隣を歩く手塚が珍しく少し言いにくそうに切り出した。
「何?」
横を見上げても、手塚は前を向いたまま。
「手塚…?」
なんだか不安になったあたしは、足を止めた。
その横で立ち止まった手塚があたしを見て、意を決したように口を開く。
「…そろそろ、名字で呼ぶのはやめてくれないか」
…驚いた。
直後、嬉しさがこみ上げてくる。
確かに、手塚はあたしを可那子、と名前で呼ぶけど、あたしは…くせ、かな?ずっと名字で呼んでた。
あたしは、手塚の手を握った。
「照れてるの?」
こんな手塚初めてで嬉しくて、あたしは彼を見上げてちょっぴり意地悪してみる。
「…っ!」
これも初めて見るかも、手塚の焦った顔。
でもせっかく握った手を振りほどかれそうになって、
「冗談だよ、ごめんね」
あたしはその手を握り直しながら笑って見せた後、
「望んでくれて、嬉しい。
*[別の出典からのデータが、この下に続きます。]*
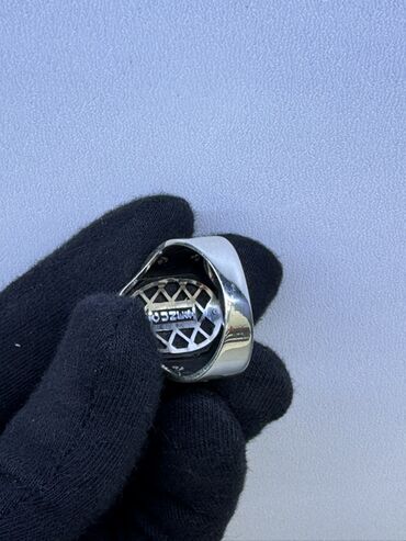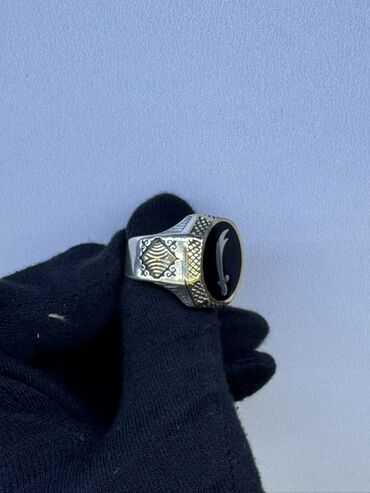 Gümüş kişi üzüyü - Material: gümüş rəngli metal ərintisi (üzərində dekorativ naxışlar). - Dizayn: klassik möhür üzüyü forması; yan hissələrində relyef ornamentlər və simvolik təsvirlər. - Mərkəz d...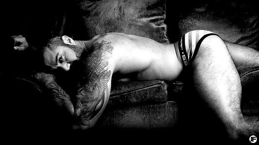 This image features a man standing against a wall indoors. The man appears to be in his prime, with a well-defined muscular structure that is prominently displayed. His chest, stomach, and arm muscles are particularly noticeable, hinting at a regular workout regimen. He is dressed in a simple pair of underpants, which could suggest a casual, at-home setting. The underpants are the only piece of clothing he is wearing, further emphasizing his physique. His bare skin also reveals a hint of body hair, adding a touch of natural masculinity to the image. His face is partially visible, featuring a striking beard that adds character to his overall appearance. His stern expression exudes a sense of confidence and strength. The wall behind him is plain and undecorated, keeping the focus solely on him. The indoor setting has a subdued ambiance, with the lighting subtly accentuating the man's body contours. This image may be part of a fitness or lifestyle photoshoot, or a candid snapshot capturing a moment of relaxation or contemplation.

ありがと、国光…」
初めて、その名前を呼んでみた。
いざ呼んでみたら、あたしもなんだか恥ずかしくて俯いちゃう。
だけど、ふと感じた優しい感触に顔を上げると、空いた手で頭をなでてくれる手塚の綺麗な瞳があたしを見つめていた。
「帰ろう、可那子」
「うん」
繋いだままの手に少し力を込めて、あたしたちは歩き出した――。